Jewish Delis are facing closures in New York City and Los Angeles, Los Angeles Times reported.
Always the popular go-to for the bagels and lox, many of the Jewish Delicatessens are operating in a time where younger clientele can find those bagels anywhere and communities are become more aware of what they eat.
"People don't open up new delis anymore because it's very, very difficult to do," said Marian Levine, owner of Stage's longtime rival, Carnegie Deli in Manhattan.
Several delis like the Stage Deli in Manhattan and Ashkenaz Delicatessin in Chicago closed and were replaced with places like a lobster joint after struggling to keep up with a dwindling veteran population and high rent.

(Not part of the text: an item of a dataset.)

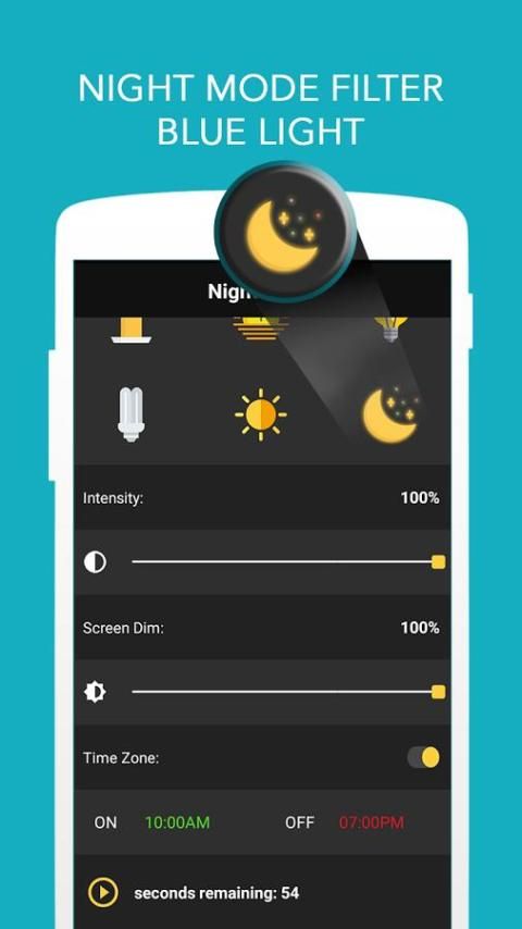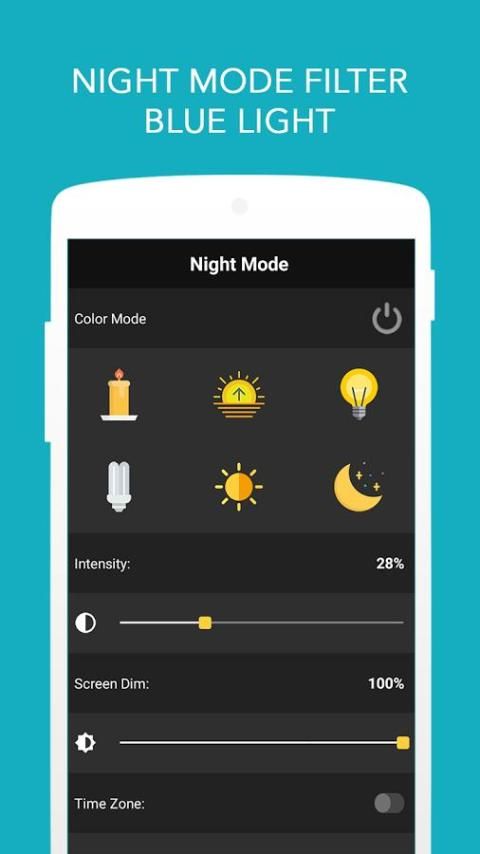 Используйте Ночной режим фильтра Blue Light , чтобы уменьшить зрительное напряжение и это приложение может быть использовано в театрах, чтения, игр, не мешая другим людям. Отрегулируйте яркость экрана так, что вы можете работать на условиях низкой освещенности. Установить интенсивность цвета экрана требует в соответствии с вашей чувствительности глаз.

According to The Times, thousands of Jewish delis in New York arose in the first half of the 20th Century, and began to decline to mere dozens after World War II from a shift in demographics into suburbs and decline in Jewish immigration to the region.
"There's nothing that can bring back the centrality of the deli in either Jewish life or American life," said Ted Merwin, the author of a impending book , "Pastrami on Rye: An Overstuffed History of the Jewish Delicatessen" and Judaic studies professor at Dickinson College in Pennsylvania. "There's no way they're going to survive in the numbers they once did."
According to Mintel, an agency providing statistics on food, drinks and consumer goods, the sales stalled between 2007 and 2011 for the restaurants then only rose 0.5 percent in 2012, reported The Times.
The rise in costs of food, particularly beef and fish, also compounded to the problem. Even raising menu prices could not compensate for the loss.
Merwin finds part of the problem is the thousands of options that are available today surrounding the Jewish scene. You can get cheaper sandwiches at popular chains like Quiznos. A loyal customer base is no longer driving the troubled sit-down restaurant market.